Remix.run Logo
skiing_crawling 6 hours ago

"it can fit" on 256GB of RAM, but it will be heavily quantized and still run very slowly. The headline number is not token generation, its prompt processing. So if you get 10 tok/s and an API gives you 20-30 tok/s, it doesn't seem that bad on its face, but a mac studio or any other machine that's not loading all of it into GPU will do PP 20-50X slower than a purely GPU based setup, which is what actually makes this unusable without $50k in GPUs.

On top of that, you will still be heavily quantized.

gerdesj 5 hours ago | parent [-]

A nvidia spark thingie has 128GB unified RAM. They also have a dual port version of one of these things: https://www.nvidia.com/content/dam/en-zz/Solutions/networkin.... ie 2 x 100GB/s ports, they may even be 2 x 200GB/s. Once I've got my paws on one, I'll know more.

You can cluster these beasts too. Two and three (with two IP subnets) is fairly obvious. Four or more might need a switch depending on how much network latency affects things.

Apple seem to have forgotten about M series with gobs of RAM. I can't get the Apple shop to show more than 96GB of unified RAM and that costs a kidney.

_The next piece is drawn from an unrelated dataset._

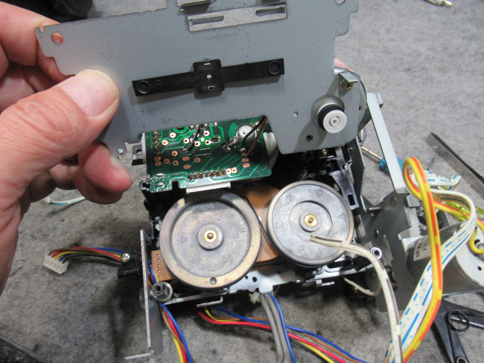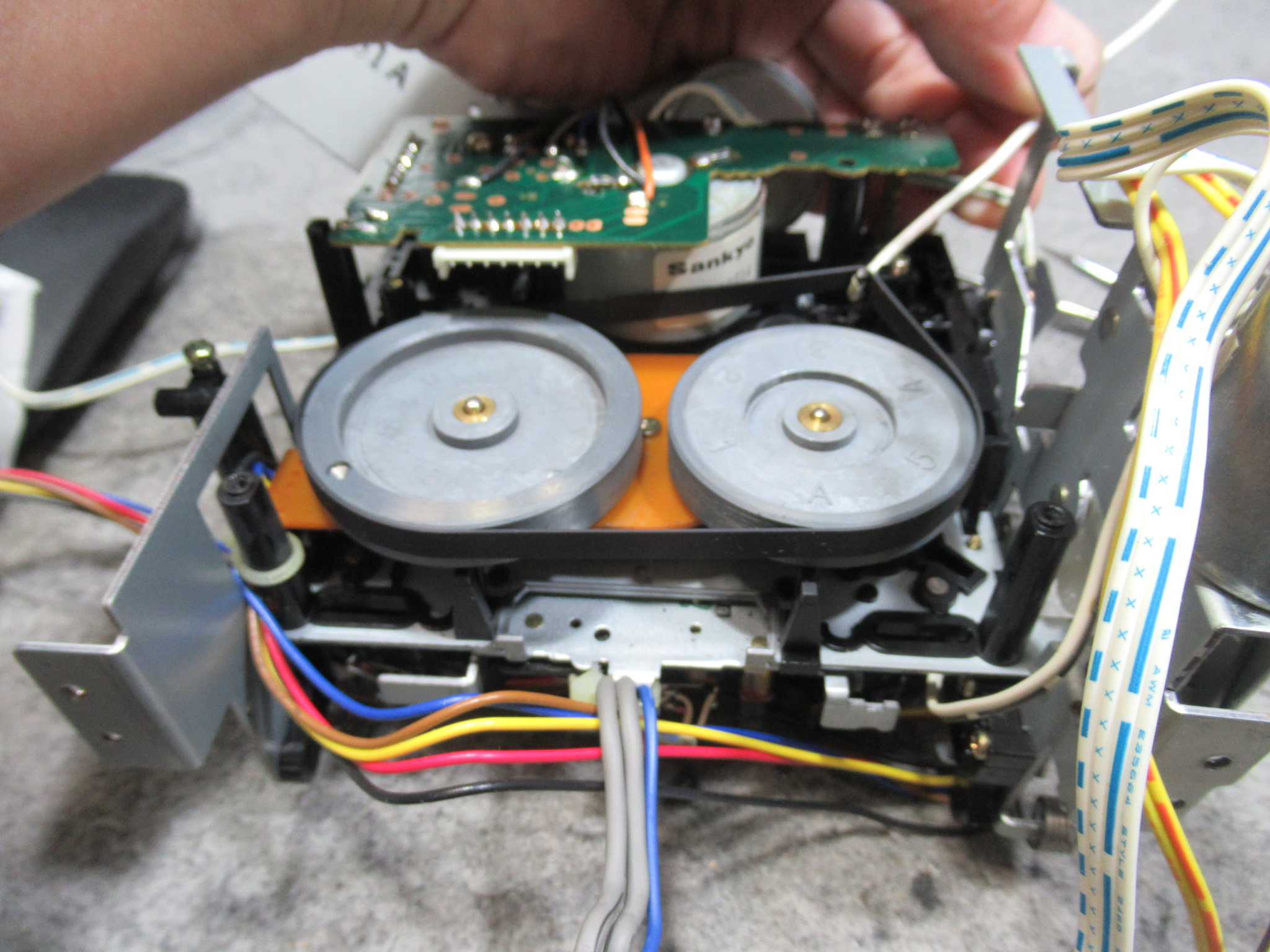 カバーとフロントパネルを取り外し、メカを取り出します。

mapontosevenths 5 hours ago | parent | next [-]

I have one, and I love it. That said my buddies Mac smokes it for inference workloads in terms of tokens per second AND its more usable for other things.

If you are training and doing research it's great, if you want to cluster them it cant be beat, but if you just want local inference on a single box buy a mac or even a strix halo device.

colinsane 3 hours ago | parent | next [-]

can those macs boot linux? i've heard about Asahi but have no idea how far along they are. i've got my fleet configured with nix and sure, nix can target darwin, but there's a _lot_ of sharp edges there: i don't really want to pull that thread unless i have to...

mapontosevenths 3 hours ago | parent [-]

I don't know. I think he just uses LMStudio most of the time on his, but that's one place I can say the spark really shines for me.

I'm a Linux guy, but also don't always have alot of time. The Spark comes out of the box with a nice Linux distro that's pre-configured to be easy to setup and the guides and online resources make getting up and running trivial, for even some complex tasks. You would have to do a LOT of tinkering just to figure out some of the things the nvidia resources walk you through natively. They have guides for a ton of stuff that include the optimal settings so you don't have to figure it all out through trial and error.

Check out these "playbooks" for some examples. [0] There's a lot to be said for not having to piece all that together yourself.

https://build.nvidia.com/spark

I think between unboxing mine setting it up to run headless, and generating tokens was like 20 minutes total for me.

Fizz43 4 hours ago | parent | prev [-]

which mac is smoking the spark?

pmarreck 4 hours ago | parent [-]

pretty much any of them, dude, as long as you have enough RAM, since it uses unified RAM and a powerful SoC CPU/GPU. Literally any M-class model, but the M5 is currently top tier.

dannyw 2 hours ago | parent | next [-]

The DGX Spark has basically the same memory bandwidth as a M5 Pro, and far more than a M5.

Only the M3 Ultra really beats it, and once you start scoping out the cost of a M3 Ultra with 128GB or 256GB, the DGX Spark doesn’t look bad after all.

fsuts 38 minutes ago | parent | prev | next [-]

How noisy does his fan get…

mapontosevenths 3 hours ago | parent | prev [-]

Yep. Memory bandwidth is what decides how fast LLM's generate tokens (mostly). The DGX Spark has something like 270 GB/s of memory bandwidth, and the m5 ultra is ~615 GB/s. Theoretically DOUBLE the speed. In practice he only generates like 25% more tok/s, but that's still very impressive.

The spark can fine tune models in 1/4 the time and excels at other compute tasks in ways that Mac never can. Plus the high bandwidth ConnectX-7 ports would be like $1700 to buy on a card just for the network adapters... But for generating tokens, it just plain loses.

jauntywundrkind 4 hours ago | parent | prev | next [-]

200 Gb / s (not GB/s)!

(Still potentially very useful! But not magically ultra fast.)

Computer0 5 hours ago | parent | prev [-]

128 gb of much slower ram than Apple.

dannyw 2 hours ago | parent [-]

DGX Spark is ~273GB/s. That’s about M5 Pro territory, and twice as fast as the M5. You’d have to go to the M5 Max, or M3 Ultra, to get higher memory bandwidth than the Spark.